The US and the impossible green revolution

A dream beached by the economy

By George Smith, Dick Destiny

Posted in Legal, 11th November 2008 12:23 GMT

Book Review Feel a little pity for Thomas L Friedman's Hot, Flat and Crowded, his new book on what must be done to deliver a green revolution in America. With the economy collapsed, political will in the United States is now decisively hostile to almost everything in it.

Nevertheless, Friedman's premise is easy to absorb and reasonable. The world's growing middle class (and the desire of those not yet in it to join ASAP) is bringing environmental and energy catastrophe. And if the rest of the world follows the same pattern of consumption as practiced by the US, it will only end badly. The real limits to growth have arrived, Friedman says, taking the place occupied by the Club of Rome over thirty years ago.

He even deploys the lily-pads-in-your-pond analogy. Go on vacation thinking you have time to trim the vegetation. When you get back, the overgrowth has exploded exponentially. The pond is choked. Your fish are all dead.

Friedman tells us a "Code Green" must be established, not as an advertisement for business as usual - which is what it is now - but as a systemic and global way of moving the world's energy economy to one of distributed super-efficiency. In this, he wrote before the chances of it happening evaporated, the US must take the lead.

For the book, Friedman goes to China, relating a lecture he gives to the locals on how America is going to innovate, innovate, and out innovate the Asians in smart green energy technology. And then we'll sell this innovation to them, helping China to achieve even more prosperity for its middle class as the environment is rescued from ruin.

And there must have been at least a few in the group thinking, "Listen to that Yankee brag."

The cognitive dissonance occurs in Friedman's view of the US, taken from a man who calls his job the best in the world, hop-scotching the globe and country to sample from the wisdom of a small number of the scientific and political elite. You get Edward O Wilson and his ant collection. "Destroying a tropical rain forest and other species rich ecosystems is like burning all the paintings in the Louvre to cook dinner," reveals the Harvard scientist. No kidding. And there's Friedman's ever-present friend, Nate Lewis of Caltech in Pasadena, drinking strawberry lemonade at the faculty club with the author, telling readers, "[The US] has energy politics, not policy." And when did that first occur to anyone with common sense and the power of observation? Quite a while ago.

The view from the faculty club

Being around such people, along with a seemingly abundant supply of sunny optimism, Friedman's world view doesn't quite align with this reviewer's. Over a decade of living a few blocks from the Caltech faculty club, in the heartland of energy super-consumption, I've cobbled together the opinion that this country is no longer capable of the efforts required to get those things done which Friedman deems critical.
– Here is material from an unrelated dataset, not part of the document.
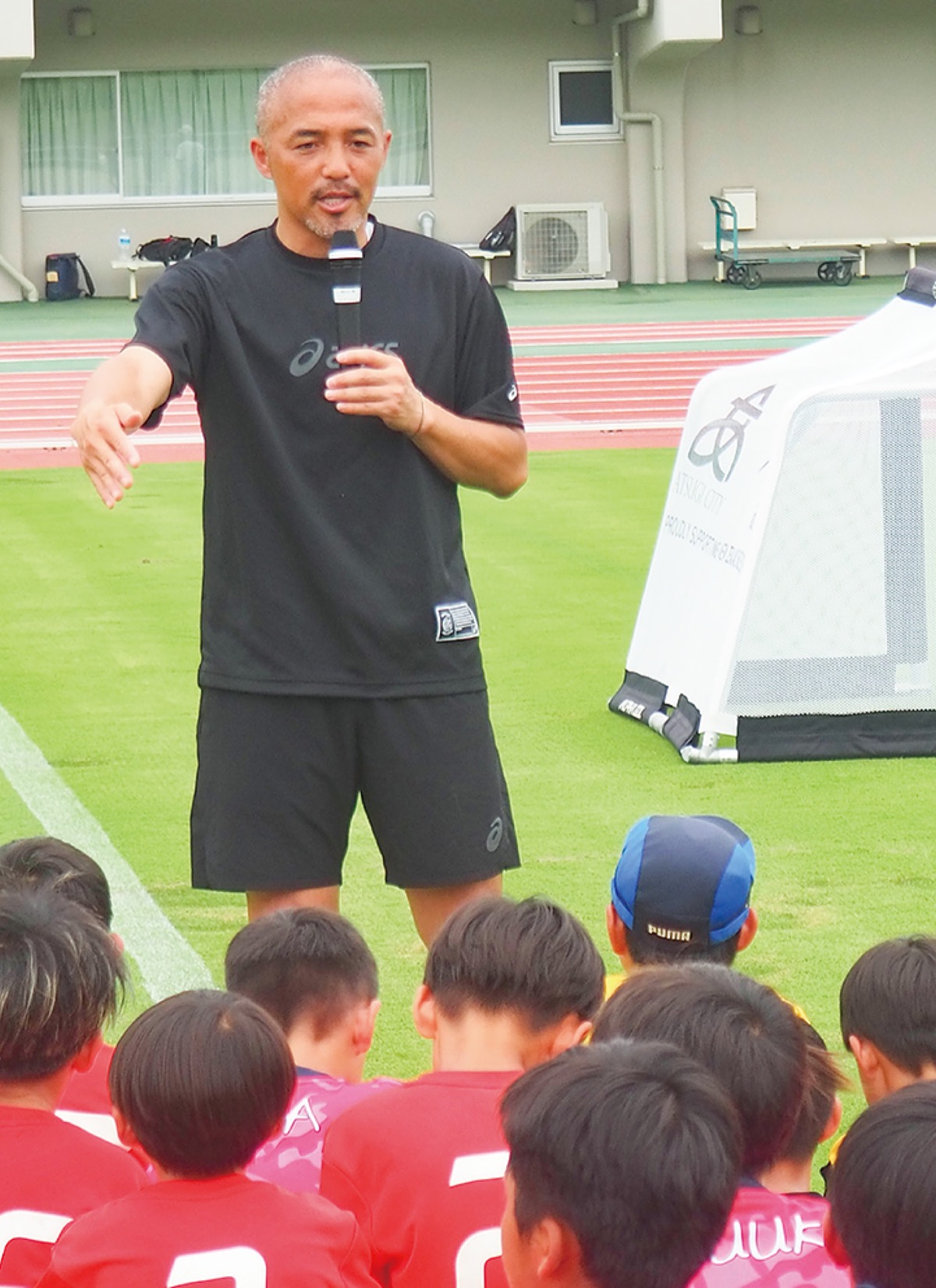 「荻野運動公園サッカークリニック」が7月5日、同公園競技場で行われ、日本代表としても活躍した小野伸二さんが講師を務めた。

Briefly, the author describes it as the installation of a systems approach to everything involved in energy generation. It's a massive national upgrade in which billions of smart energy transfer nodes, from household appliances to the national network, constantly analyze the energy cloud for the greenest electrons at the best operating hours. A few pages, printed in italics so one knows they're special, are devoted to describing this future. "Your car, by the way, is no longer called a 'car,'" it reads. "It is now called a RESU, or rolling energy storage unit..." A little bit of this goes a long away as techno-virtuous pap for boys who enjoy watching TV shows about what the marvelous future has in store. (Which it turns out, Friedman has been involved in briefly for a US cable network.)

At one point, Friedman devotes a few eye-rolling pages on "outgreening" foes as a global counter-terror and military strategy. And how an army unit in Iraq had implemented this by saving fuel through more efficient air-conditioning. Is the US Army in Iraq green? As compared to an Exxon Valdez oil spill or Saddam Hussein's torching of oil wells in Kuwait in the first war, maybe.

More interesting is the author's discussion of petro-dictators and the relationship between tyranny and the price of oil. When oil is up, so is tyranny, the sheiks and mullahs at leisure to spend on their security forces, doling out enough subsidy to the desert peons who are encouraged to work out their frustrations in terror-indoctrinating wahhabi schools. When the price of oil is down, extremist regimes reliant on it for revenue either fail or are forced to make concessions to representative government.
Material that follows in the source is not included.